Both Curies tried their hardest to evade the popular attention that descended on them after winning the Nobel – especially the interview requests from journalists who printed whatever came into their heads. Marie sometimes refused to shake hands with admirers and noted that even in her own laboratory she was criticized by some for not being “sufficiently friendly.” When a restaurant owner recognized her and asked her to sign his guest book loudly enough for all the other diners to hear, she silently put down money for her group’s uneaten meals and motioned for them to leave with her. All this wasn’t arrogance or misanthropy but just an introvert’s reticence and desire for privacy.
Several years after Pierre’s tragic death in an accident with a horse-drawn carriage on a stormy day, Marie’s attempt to keep the press at bay took a horrifying turn. She had fallen in love with a scientific colleague, whose jealous wife got hold of their passionate letters to one another and spilled them to the tabloids. Marie Curie was vilified in the papers as a “foreign Jewish home wrecker,” among many other sexist and xenophobic insults. (She was not Jewish.) The hounding got so intense that she had to not only leave Paris but also travel abroad under an assumed name.
Around this time, the Nobel Prize committee decided to honor Marie Curie again, this time for isolating the chemical elements of radium and polonium. The telltale love letters had not yet been published. Once the scandal broke and news of it reached Sweden, however, the committee president attempted to dissuade Curie from attending the award ceremony. Curie fiercely retorted, “In fact the prize has been awarded for the discovery of Radium and Polonium. I believe that there is no connection between my scientific work and the facts of private life.” She refused to renounce the prize and attended the award ceremony with her head held high.
The New York Times obituary did not mention Curie’s ill-fated love affair or the scorn heaped on her in France because of it. Indeed, her reputation in the United States was so positive that two triumphant tours of America raised sizeable funds for her research. In 1920 Missy Meloney, the editor of an American women’s magazine, learned that although Curie had discovered radium, she lacked the money to purchase enough of it for her own research. One gram cost a whopping $100,000.

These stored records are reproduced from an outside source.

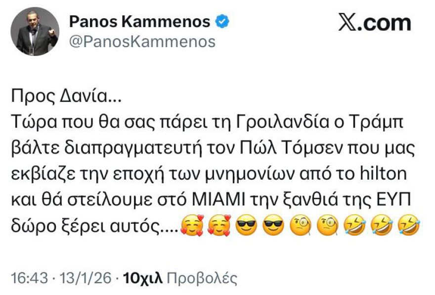 «Ξέρει αυτός»... Με τη μόνιμη επωδό των τελευταίων αναρτήσεών του, ο Πάνος Καμμένος «ξαναχτύπησε», αυτή τη φορά για τα σχέδια του προέδρου των ΗΠΑ για τη Γροιλανδία. Ο πρώην υπουργός καλεί τους Δανούς να ορίσουν ως διαπραγματευτή τον Πόλ Τόμσεν «που μας εκβίαζε την εποχή των μνημονίων από το Χίλτον», όπως γράφει, υποσχόμενος ότι σε αντάλλαγμα «θα στείλουμε στο Μαϊάμι την ξανθιά της ΕΥΠ δώρο». Κι όποιος κατάλαβε...
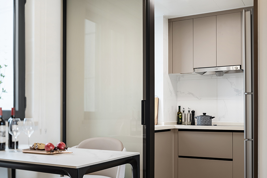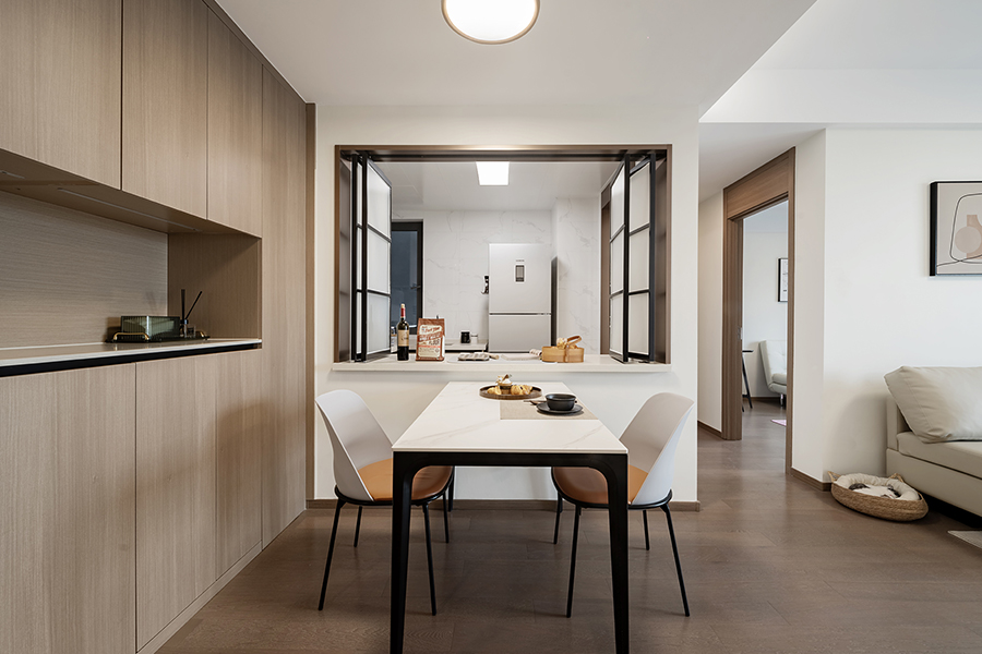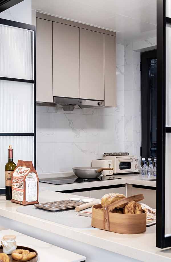 多元化的戶型空間,滿足不同的使用需求。空間材質(zhì)上總體采用棉麻布藝、絲絨、皮革、石材、金屬,增加層次感,營造精致而舒適的居家氛圍。廚房延續(xù)老上海風(fēng)格打造翻窗隔斷設(shè)計(jì),滿足烹飪與會(huì)客多重模式切換。
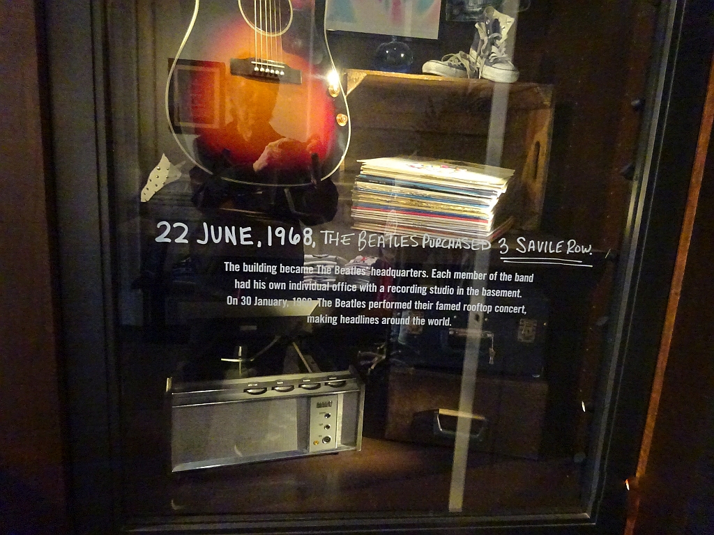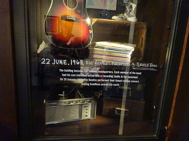 On my first trip to England over 40 years ago the big thrill for me was getting to go into the Beatles Apple Records. At that time a friend of mine hung with the Apple scruffs and it was thanks to her that my first night in London (back then you flew over during the day and arrived in evening) we were able to go into Apple Records as she was friends with the Guard nicknnamed Sarge so we got a very late tour inside, except the rooftop. It was such a thrill for me and and awesome beginning to a very wonderful Beatles trip. Trying to meet them was why I first went to London and happily succeeded. Of course Apple Records closed down a number of years ago and has since become Abercrombie & Finch Kid's store. I discovered of late you can go in the store which displays some Beatles artifacts. So needless to say I decided to visit the store. I was able to take some photos and tried to recall what was where so long ago. Of course you could not go up to the roof in 1971, where the Beatles gave their final concert. Of course not today although I did go across to Abercrombie & Finch and up a few floors to gaze above. It brought back so many memories.
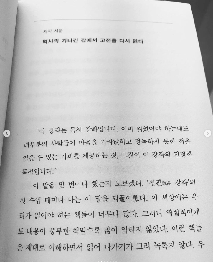 “이 강좌는 독서 강좌입니다. 이미 읽었어야 하는데도 대부분의 사람들이 마음을 가라앉히고 정독하지 못한 책을 읽을 수 있는 기회를 제공하는 것, 그것이 이 강좌의 진정한 목적입니다.”
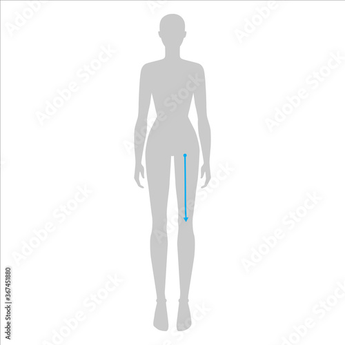 Women to do crotch to knee measurement fashion Illustration for size chart. 7.5 head size girl for site or online shop. Human body infographic template for clothes.

Mrs. Meloney vowed to raise the money to solve this problem. In just eight months, she collected $100,000 in small donations from women all over the US. When Curie traveled to America to receive the gift in a ceremony with President Warren Harding, she balked when she was told that the money would be transferred to her personally. Almost holding up the ceremony, she insisted that the gift deed be redrafted with her laboratory as the recipient.
At the same time, Curie did not object when Mrs. Meloney couched her fundraising in terms of radium’s role in medicine even though the gram of radium would mostly be used for pure research. She understood that saving lives had a greater appeal for the public. Equally, she did not object to receiving honorary degrees from Smith College, Wellesley College, the Woman's Medical College of Pennsylvania and four other universities during that trip. She put up with honors and ceremonies that she felt furthered the cause of science or women in science even though she strongly disliked being the center of attention.
On a second trip to the US, Curie arrived two days after the catastrophic stock market crash of October 1929. Nevertheless, President Herbert Hoover went ahead with presenting her a bank draft for tens of thousands of dollars to purchase radium for a new institute in Curie’s native Warsaw. Her health had already been failing for many years, and commentators now are certain that Madame Curie’s unprotected exposure to radiation over the course of decades contributed to her death in 1934 at age 66.